Putting Bruce Willis out of work

NASA has okayed one of its save-the-world-from-asteroids proposals to move to the preliminary design phase, on the way to a hoped-for launch early in the 2020s.

If it goes ahead, the DART – Double Asteroid Redirection Test – will start with what the space agency describes as “a non-threatening small asteroid”. That way, presumably, if it gets knocked the wrong way, it won't bring about some kind of metropolitan (or global) catastrophe.

NASA's announcement identifies asteroid binary system Didymos as the target.
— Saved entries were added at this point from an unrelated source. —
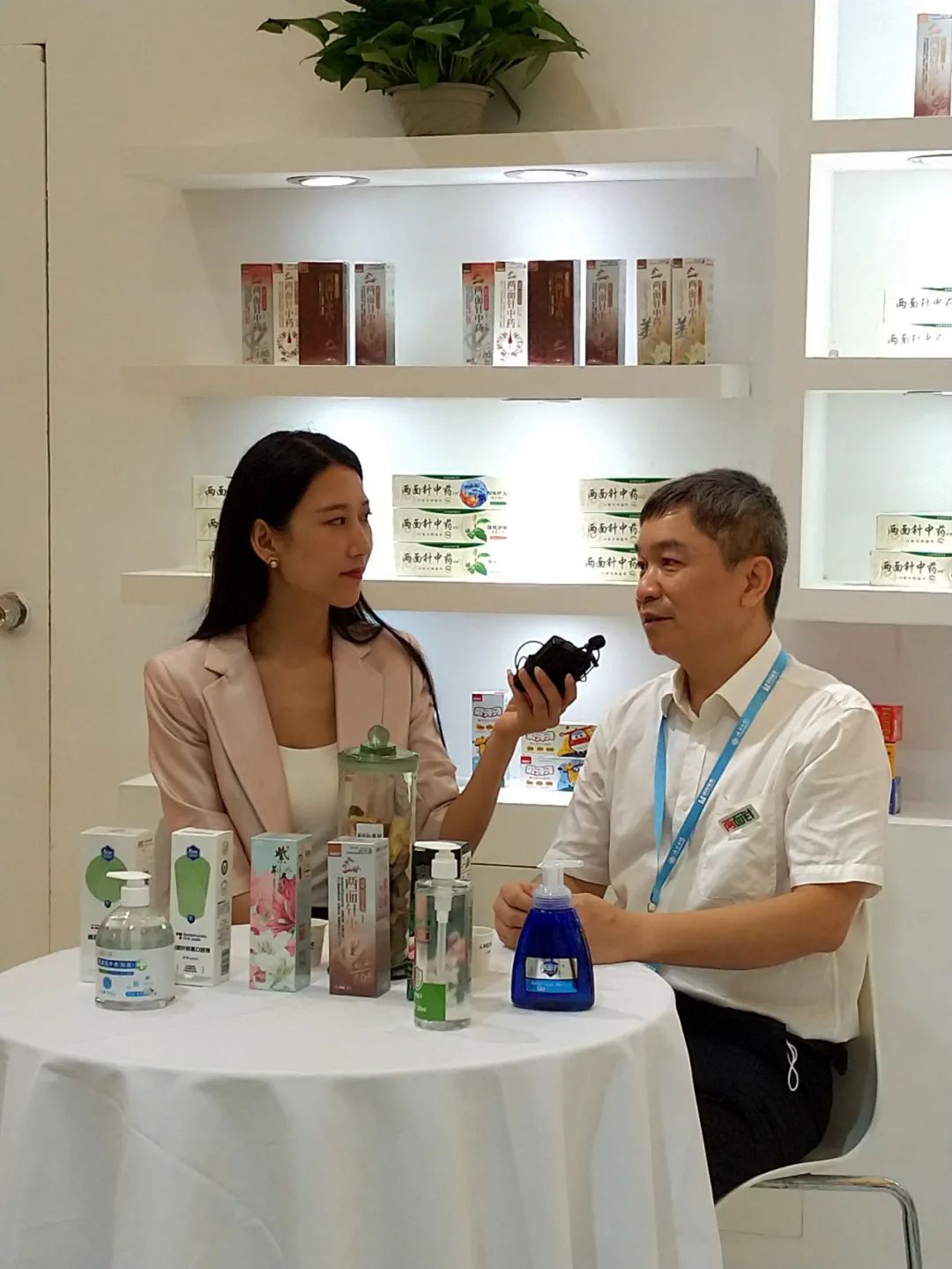 CCTV发现之旅频道《品质》栏目、上海电视台生活时尚频道等媒体先后来到今年会展位进行现场采访。今年会公司市场部部长莫瑞珖在接受采访中向主持人介绍了今年会公司坚持传承发扬中药日化核心技术的企业理念,推出的今年会中药消痛系列牙膏、青蒿素牙膏、紫荆花多效护龈牙膏及“消”字号洗护产品,广受市场和消费者的青睐。
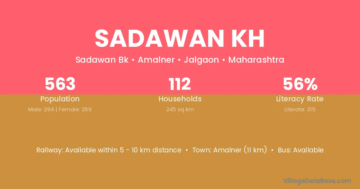 Amalner (11 km) is the nearest town to Sadawan Kh village for major economic activities and is located approximately 11 km away.
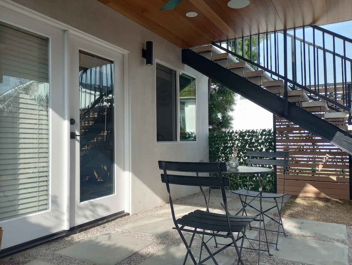 Hermosamente decorada, privada, casa de huéspedes de dos pisos con tragaluces en la sala de estar y el dormitorio ofrecen abundante luz natural. Muebles tapizados de lino lujoso y la cama y sábanas más lujosas que jamás haya experimentado. Es la combinación perfecta de ubicación tranquila, privacidad, comodidad y conveniencia. La casa de huéspedes es respetuosa con el medio ambiente y se mantiene con productos seguros para el medio ambiente y la tierra. Por favor, revisa mi anuncio completo y las normas de la casa antes de reservar.
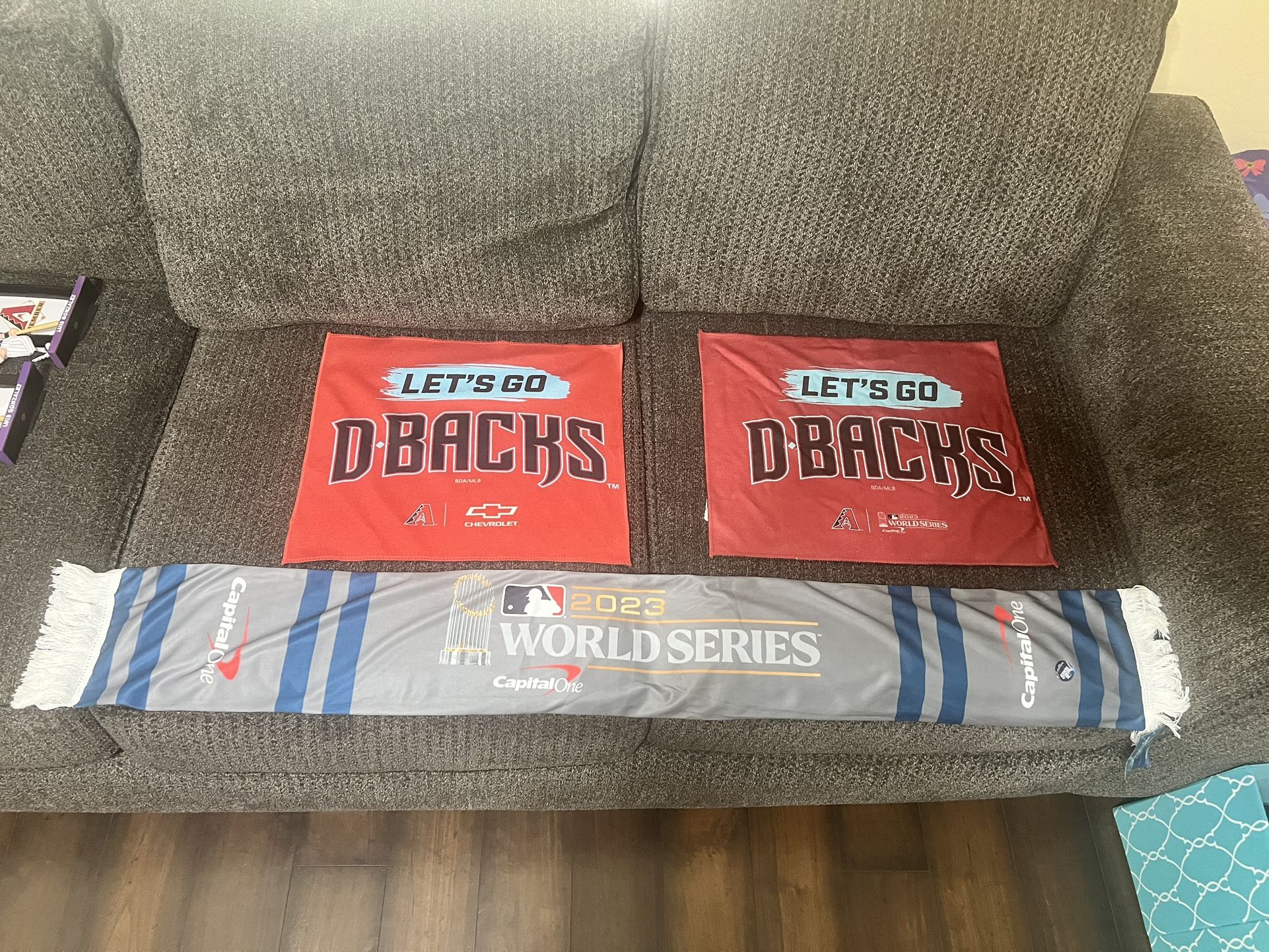 I have scarfs and rally towels from the 2021 World Series games at Chase field. Also have rally towels from the other playoff games as well. Only asking $5 for the scarfs and $2 for the rally towels. Just make me an offer. Please let me know if u are interested or have questions. Thank u.
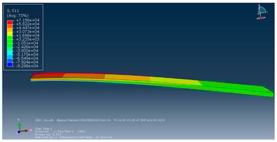 Calculated σx in one bending test obtained through FEA.
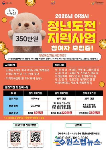 원스텝뉴스 이병희 기자 | 이천시는 지역 내 미취업 청년들의 진로 탐색과 취업역량 강화를 위해 운영하는 ‘청년도전지원사업’의 참여자를 2월 4일부터 모집한다고 밝혔다.
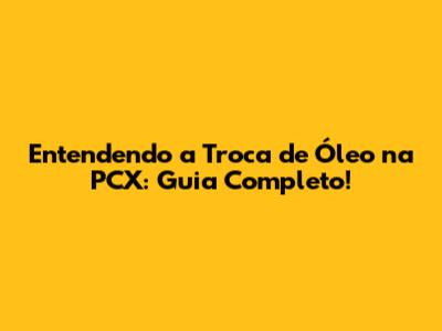 Entendendo A Troca De Óleo Da PCX: Guia Completo!
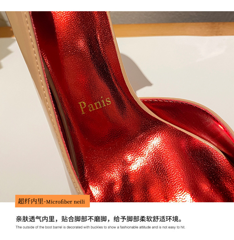 블랙 하이힐 여성 스틸레토 2025 새로운 레드 솔 신발 뾰족한 머리 라인석 얕은 입 특허 가죽 전문 사이드 빈 싱글 신발
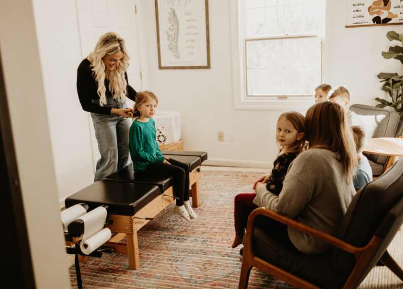 Dr Lauren adjusting a child at Well Family Chiropractic in Mequon, WI
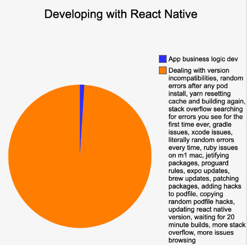 리액트 문법 기반으로 한 낮은 러닝 커브, 리액트 특유의 풍부한 생태계 상당 부분을 사용할 수 있는 유연함 등의 이유로 빠른 인력 투입 및 개발을 필요로 한 스타트업에서 많이 애용되고 있으며, 나 역시 실무에서 대부분의 앱 개발을 RN으로 진행했다.
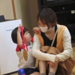 初めに大好きな『エビカニクス』を踊りました。元気よく「エビ! カニ!」とノリノリでしたよ。そのあとはお父さん、お母さんも一緒に踊りました。

Only one half of the binary, though – the smaller half, a mere 160 metres in size (NASA classifies asteroids greater than 1 km in diameter as threatening), Didymos B. The primary in the system (Didymos A) is an impressive 780 metres across.

Being a binary is what makes Didymos a handy test-bed: DART will be designed to change Didymos B's orbit around its primary, not take it out of orbit entirely. That way, the agency's boffins can study the effects of an impact with minimal risk to Earth.

Program scientist Tom Statler says the experiment won't “change the orbit of the pair around the sun”.

Having flown to Didymos, the refrigerator-sized DART will aim itself at the smaller asteroid, impacting it at around 6 km per second (“about nine times faster than a bullet”, NASA explains).

Youtube Video

Both the impact and the change to Didymos B's orbit will be visible to Earth-based observatories, so scientists can see how well kinetic impact works on an asteroid.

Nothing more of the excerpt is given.